Qatar slams new coalition’s plans for ‘settlement expansion,’ ‘Judaizing’ Jerusalem

Doha’s Foreign Ministry does not cite examples for these policies, but new government’s principles include commitment to ‘promote and develop’ West Bank, ‘strengthen’ Jerusalem

Israeli security forces escort a group of religious Jews as they visit the Temple Mount in Jerusalem's Old City on March 31, 2022. (Jamal Awad/Flash90)
Israeli security forces escort a group of religious Jews as they visit the Temple Mount in Jerusalem's Old City on March 31, 2022. (Jamal Awad/Flash90)

Qatar’s Foreign Ministry on Friday blasted the new Israeli government, just a day after it was sworn in, over its plans to expand settlements in the West Bank and supposed “attempts to Judaize” Jerusalem.

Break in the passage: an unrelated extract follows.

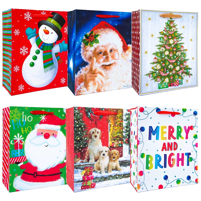Large, vertical gift bag with handle. They come in different Christmas prints. You can skip the wrapping paper and gift wrapping with these Christmas bags.

The basic principles of Israel’s 37th government include a pledge to act in accordance with the belief that “the Jewish people have an exclusive and inalienable right to all parts of the Land of Israel,” including in the West Bank, which it will work to “promote and develop.” The principles also state that Prime Minister Benjamin Netanyahu’s government “will work to strengthen the status of Jerusalem.”

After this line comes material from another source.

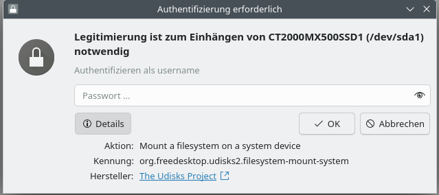 CodeBeim Zugriff auf „daten“ ist ein Fehler aufgetreten, die Meldung lautet: Die angegebene Operation ist fehlgeschlagen: Error mounting /dev/sda1 at /run/media/username/daten: fsconfig() failed: No such file or directoryIch habe kein Windows mehr installiert, sondern wie eingangs erwähnt, ausschließlich Arch Linux im Desktop PC aktiv.

In Netanyahu’s agreement with Religious Zionism, the prime minister promised to advance annexation of West Bank land, saying he would “lead the formulation and implementation of policy within the framework of which sovereignty will be applied to Judea and Samaria,” the biblical term for the West Bank.

That being said, the framing of the clause allows the prime minister to choose the timing for the implementation of such a policy and to take into consideration Israel’s “national and international interests.”

Netanyahu’s coalition partners also signed deals with Likud that included a commitment to maintaining the status quo on Jerusalem’s Temple Mount barring Jewish prayer at the flashpoint site known to Muslims as the Haram al-Sharif. However, National Security Minister Itamar Ben Gvir has vowed to continue visiting the Temple Mount as a cabinet member and blasted what he referred to as the “racism” at the compound that forbids Jewish prayer there.

In its Friday statement, Qatar “expresse[d] its strong condemnation and denunciation the Israeli government’s plans for settlement expansion, its continued attempts to Judaize Al Quds and Al Aqsa mosque, considering them a severe violation of the UN Charter, international law principles, related UN resolutions and a blatant assault on the right of the brotherly Palestinian people.”

The statement said such moves harm efforts to reach a two-state solution and called on the international community “to assume its responsibility in ensuring Israel stops its settlement policy in occupied Palestinian Territories.”

Though they do not have official ties, Jerusalem engages with Doha in order to facilitate the distribution of Qatari aid to the Gaza Strip.

Qatar hosted an Israeli trade office during the 1990s that was shuttered during the Second Intifada.

Due to the lack of diplomatic relations, a special agreement between FIFA, Israel and Qatar was reached before the World Cup to allow the Israeli diplomats to arrive and assist Israelis traveling for the tournament.

Thousands of Israelis traveled to the country for the World Cup, with many describing their reception by Qataris as chilly. Expressions of solidarity with Palestinians were rife both in the stands and on the field — with fans and the Moroccan national team flying the Palestinian flag despite FIFA prohibitions on such political displays.